El Imparcial
Creíamos que era cosa del pasado, un pasado remoto y terrible, que nos transportaba al seiscientos europeo, como mucho, al pontificado de Pio IX y su cruzada contra el liberalismo. Sin embargo, lo estamos reviviendo hoy como una pesadilla: la condena de una desdichada mujer iraní a ser lapidada por un “delito” de adulterio o la decisión de una iglesia evangélica de Florida, Estados Unidos, de quemar ejemplares del Corán para conmemorar los atentados terroristas del 11-S, nos ha devuelto a los peores tiempos de intransigencia de las religiones monoteístas, desatando un agria polémica mundial y reabriendo el debate sobre las diferencias religiosas agresivas e irreconciliables.

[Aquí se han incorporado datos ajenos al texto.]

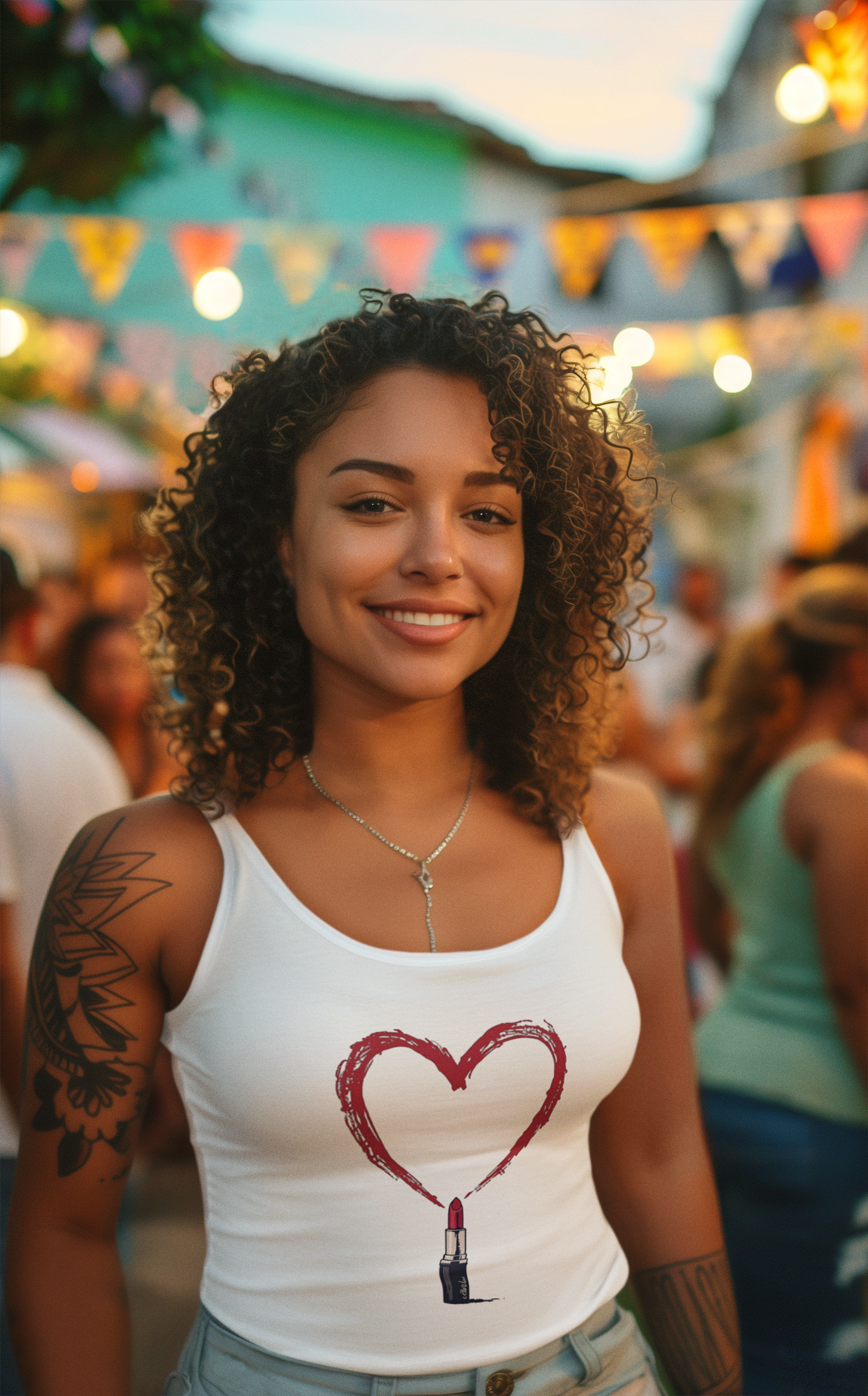 Show off your confidence and love for beauty with our Lipstick Love Crop Tank! Featuring a striking red lipstick heart graphic, this trendy top is for the makeup lovers, fashionistas, and bold souls who wear their heart on their sleeve (or, in this case, their tank)!

El gesto del violento pastor americano representa un disparate y una provocación inútil, cuya repercusión resulta impredecible. La reacción por parte de extremistas islámicos podría ser desproporcionada, ya que el gesto podría ser interpretado como una “incitación” a la violencia: la iniciativa pone en peligro a las tropas desplegadas en Oriente Medio y a las embajadas estadounidenses en el mundo. Además, podría desencadenar una nueva crisis, como sucedió con las caricaturas de Mahoma o con las recientes polémicas sobre la posible construcción de una Mezquita en Ground Zero. En la época de la globalización con la libre circulación de información e imágenes, quemar un Corán en Estados Unidos, mofarse del profeta de una religión en Dinamarca, puede tener repercusión en cualquier parte del mundo de forma instantánea, provocando odio y enemistad.
A falta de pocos días para el 11 de septiembre, la sociedad civil occidental no debe caer en una “frenesí antimusulmán”, consciente de que los fanatismos y los fervores desatados son herencias de un pasado, anacrónico e impropio. El respeto de todas las creencias religiosas, la libertad de fe y la tolerancia, representan principios y valores innegociables. La intransigencia, la intolerancia y la violencia no pueden justificarse como respuesta a una ofensa. Eso cabe esperar de una sociedad que propugna el respeto a la dignidad de las personas y a su libertad de elección en materia religiosa. Por eso, tal como han hecho el Vaticano, la Unión Europea y el Gobierno de los Estados Unidos, debe ser condenado rotundamente cualquier intento de ofender a un determinado grupo religioso o el ultraje de un texto sagrado para cientos de millones de personas.
Sin embargo, no podemos obviar que las raíces de las diferencias que generan el conflicto son más profundas. No se trata de un problema de civilización o civismo, sino que existe más bien un problema cultural: se trata de una visión diferente de la religión, una secularización que el mundo occidental ya alcanzó en el siglo XIX y que contribuyó a una diferente evolución socio-política de su área. En Occidente la fe se vive como algo privado, que no condiciona cada aspecto de la vida de un sujeto ni establece las reglas y leyes. Varios ejemplos demuestran la diferencia entre el mundo occidental y el oriental -quizá el más emblemático sea el papel de la mujer como indican los incidentes en Melilla por la presencia de policías mujeres o la amenaza de lapidación de Sakineh Ashtianí, en Irán. Y a pesar de todo esto, el mundo occidental debe seguir abanderando la libertad religiosa y los avances en materia de derechos, sin caer en trampas mediáticas primitivas, retrogradas y violentas. Tolerancia y respeto son la base de una sociedad democrática a la que no se debe renunciar ni frente a un vil atentado terrorista como el sufrido en el 11 de septiembre de 2001.